To cross check if the numbers are reported the same on illumos, I attached the disks/volumes for pool "test2x2" and "test3z1" to the smartos-VM and the numbers are all identical; so there is no difference in the reporting logic.

So on the single-mirror pool and the 2x2 mirror pool the same data uses the same amount of space - 196G or 42% of the pools usable capacity of ~400G (2x400G mirror and 2x2x200G mirror)
Looking at the RAIDZ1 pool, it has a reported size of 596G. Regarding to different sources, this is due to the implementation of RAIDZ in that it includes the parity data in these numbers (size and allocated space) - so for a 3-disk pool the reported numbers are ~33% higher. For the pool size this is perfectly plausible, but allocated space * 0.66 = 221G and therefore still way off...
However I try to mangle the numbers, RAIDZ always ends up using more space for the same data. Either there is either some logic (magic) in the reported space allocation for RAIDZ I don't understand, or RAIDZ is - at least for such small vdevs - very inefficient.

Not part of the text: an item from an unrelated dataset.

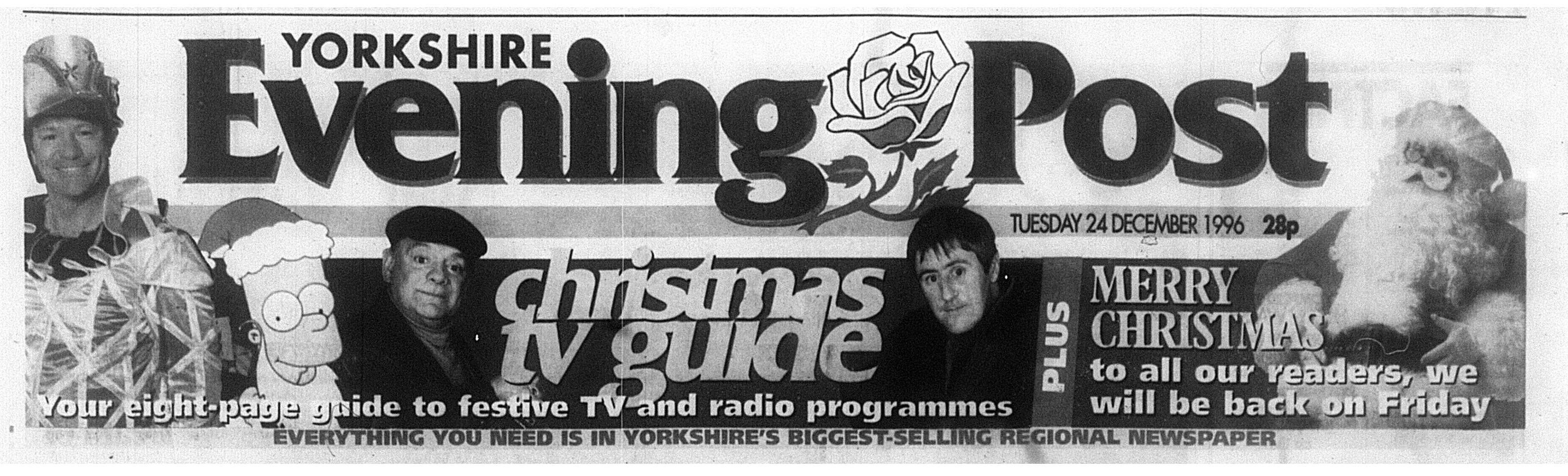 We start with the Yorkshire Evening Post front page from December 24 1996 – Christmas Eve, twenty five-years ago. It’s sad to say, but there really wasn’t much festive cheer in this edition of the YEP…this brief mention in the banner headline is the closest readers got to a seasonal message.

But at least I ruled out variations in ZFS behaviour between platforms, so thats a good thing and I was sceptical of this theory from the beginning, given it is basically the same OpenZFS codebase.
The allocations in raidzn must occur in n+1 multiples of 2**ashift bytes, or in your case, multiples of 8KB. This is done to ensure that when an allocation is removed, the space is able to be used without relying on adjacent allocations being freed. Yes, this is different than block-based raid5 or raid6.

What is your volblocksize? I'm guessing 4k or 8k. Here's why:

With D data, P parity, and X padding to hit multiples of (n-1) 2** ashift = 4K blocks, (and ‘.’ part of some other allocation) allocations and efficiencies (payload / allocation size) for your 3 wide z1 are:

      +- DISKS -+
PAYLD 012 012 012  TOT  Alloc Efficiency (Payload / Total allocation)
4k    DP. ... ...  8k   50% (Worst case)
8k    DDP X.. ...  16k  50%
12k   DDP DPX ...  24k  50%
16k   DDP DDP ...  24k  67% (Best case == 3-wide raid5)
20k   DDP DDP DP.  32k  62.5%

and so on...

This is not monotonic, but somewhere be 50% and 67% for all cases with this layout. The smallest allocations are always the worst case. Note that raid width and ashift both factor in heavily.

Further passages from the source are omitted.